-- Data excerpts follows --
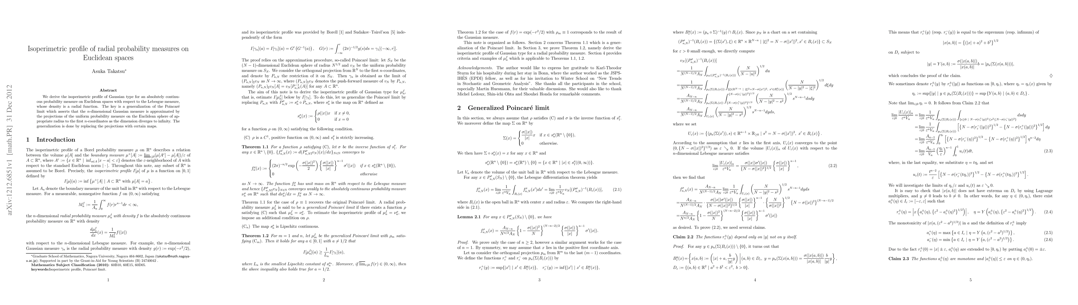 We derive the isoperimetric profile of Gaussian type for an absolutely continuous probability measure on Euclidean spaces with respect to the Lebesgue measure, whose density is a radial function.The key is a generalization of the Poincar\'e limit which asserts that the $n$-dimensional Gaussian measure is approximated by the projections of the uniform probability measure on the Euclidean sphere of appropriate radius to the first $n$-coordinates as the dimension diverges to infinity. The generalization is done by replacing the projections with certain maps.
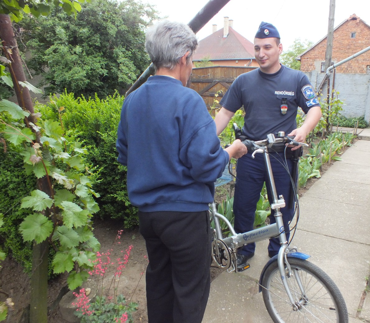 A járőrök a városban adatgyűjtést végeztek, majd kapott leírás alapján a Hunyadi utcában meglátták egy helyi férfinél a keresett biciklit, amit lefoglaltak. A helyi lakos a rendőröknek elmondta, hogy a kerékpárt délután vásárolta egy férfitól, aki azt mondta neki, hogy az már régen az ő tulajdona, de most el akarja adni.
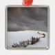 Ett brutet staket Along ett snö täckt fält Julgransprydnad Metall
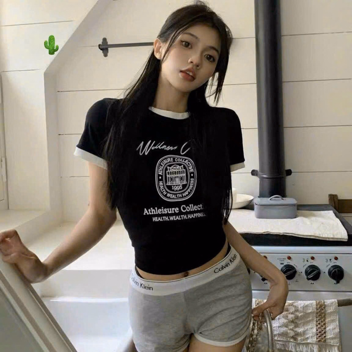 Áo Thun Nữ Croptop Cổ Tròn Tay Ngắn Wellness Clubs – Ausa House
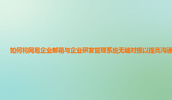 2024-11-19如何将网易企业邮箱与企业研发管理系统无缝对接以提高沟通效率 随着信息技术的快速发展,企业在日常管理中越来越依赖于高效的沟通工具和信息化系统。尤其在研发领域,沟通的流畅性直接影响到项目的进度与质量。而在...
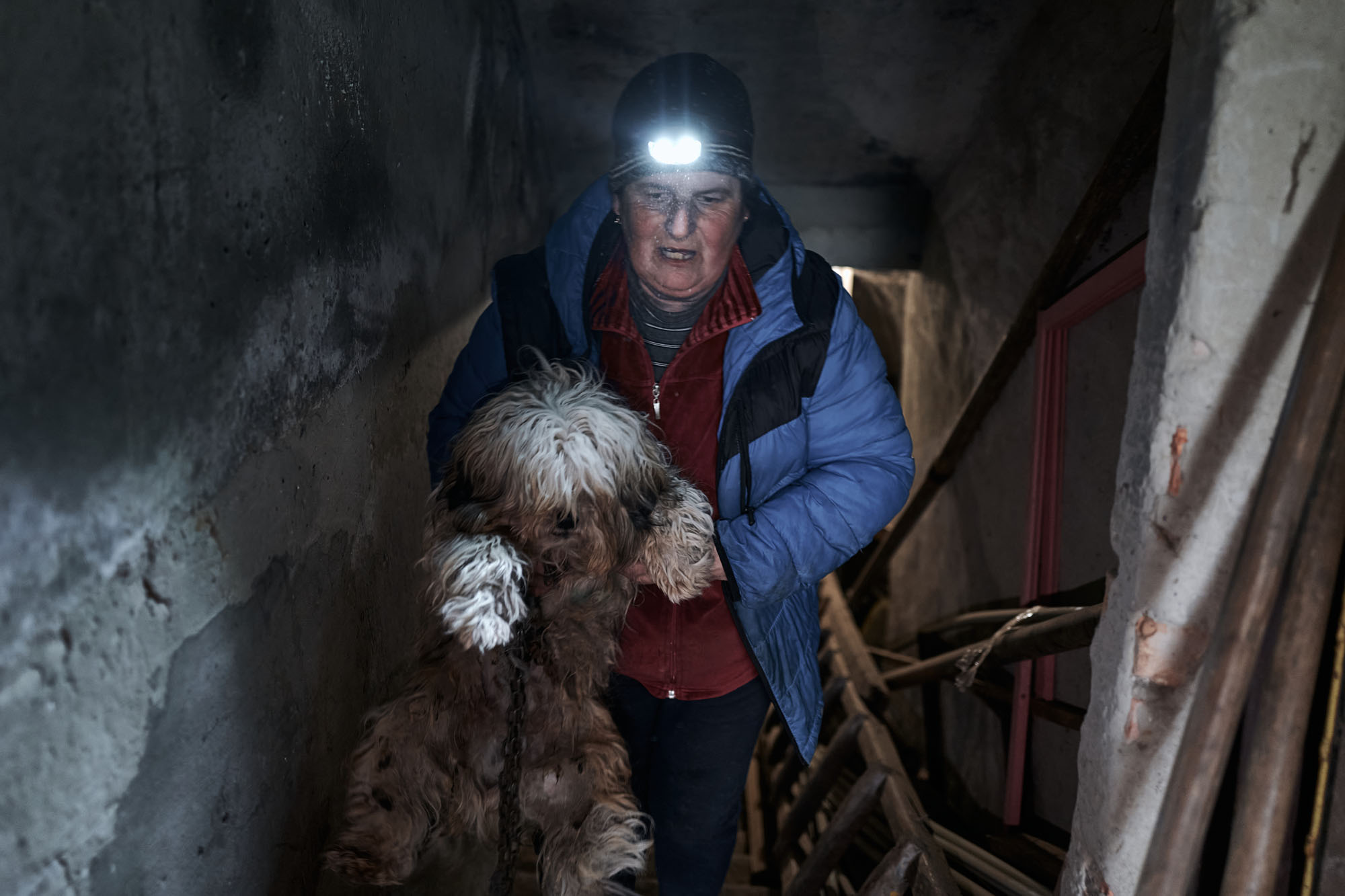 People carry out an evacuation of an animal shelter, which has more than 120 animals including dogs and cats and goats on May 13, 2024 in Rus'ki Tyshky, Kharkiv region, Ukraine. The owner of the shelter knows each animal by name, they are all well-groomed and each has its own story. Some lived with her simply in an apartment and some in the basement. They were forced to evacuate due to increased shelling by the Russians Ukraine's defense ministry announced recently that it has sent reinforcements to repel Russian attacks in border areas of the Kharkiv region, in the the country's northeast. (Photo by Kostiantyn Liberov/Libkos/Getty Images)
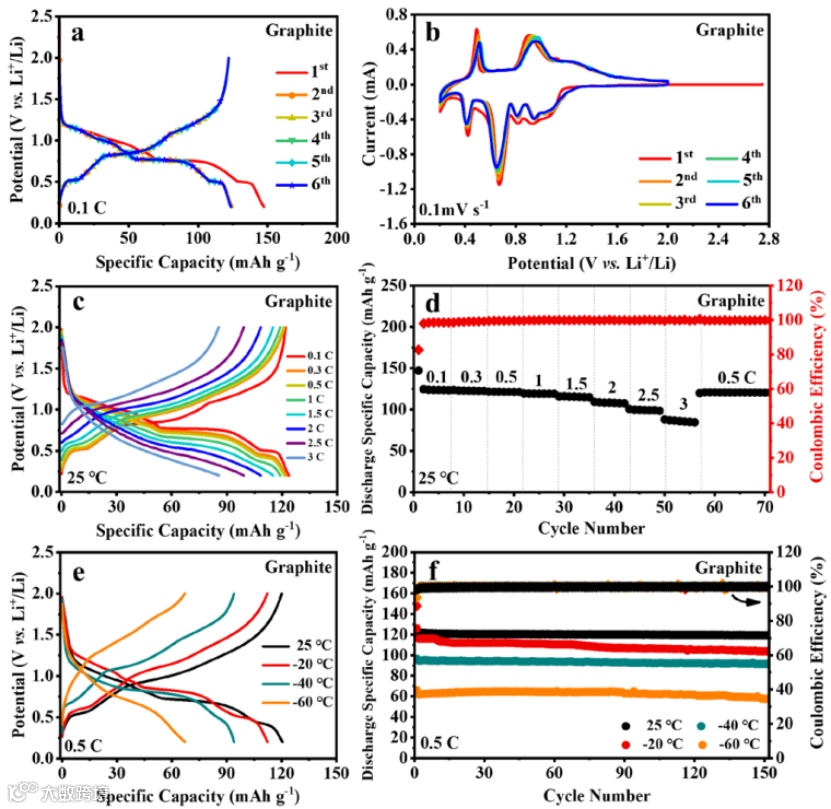 图 2、25 ℃下,石墨||Li半电池(a)在0.1 C下的恒流充放电曲线和(b)最初6个循环的CV曲线。石墨||Li半电池的(c)倍率性能和(d)相应循环稳定性。不同温度(25至-60°C)下,石墨||Li半电池(e)0.5 C下的恒流充放电曲线和(f)相应循环性能。
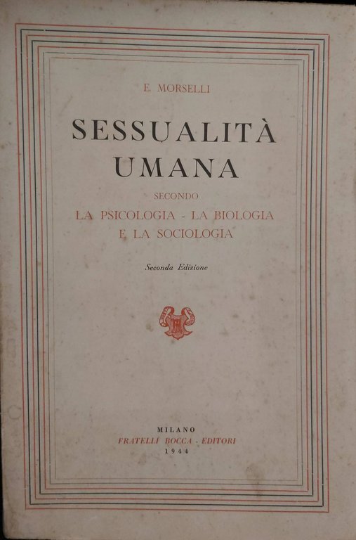 SESSUALITA' UMANA seconda la psicologia, la biologia e la sociologia. | Rare and modern books | Morselli E.
-- Data excerpts concluded --
__Exercise prompt__.
Take the entries above and copy exactly the lines starting at the one with "Ett brutet staket" and ending at the one with "2024-11-19如何将网"; nothing outside that span, and no pictures.

__Answer box__.
 Ett brutet staket Along ett snö täckt fält Julgransprydnad Metall
 Áo Thun Nữ Croptop Cổ Tròn Tay Ngắn Wellness Clubs – Ausa House
 2024-11-19如何将网易企业邮箱与企业研发管理系统无缝对接以提高沟通效率 随着信息技术的快速发展,企业在日常管理中越来越依赖于高效的沟通工具和信息化系统。尤其在研发领域,沟通的流畅性直接影响到项目的进度与质量。而在...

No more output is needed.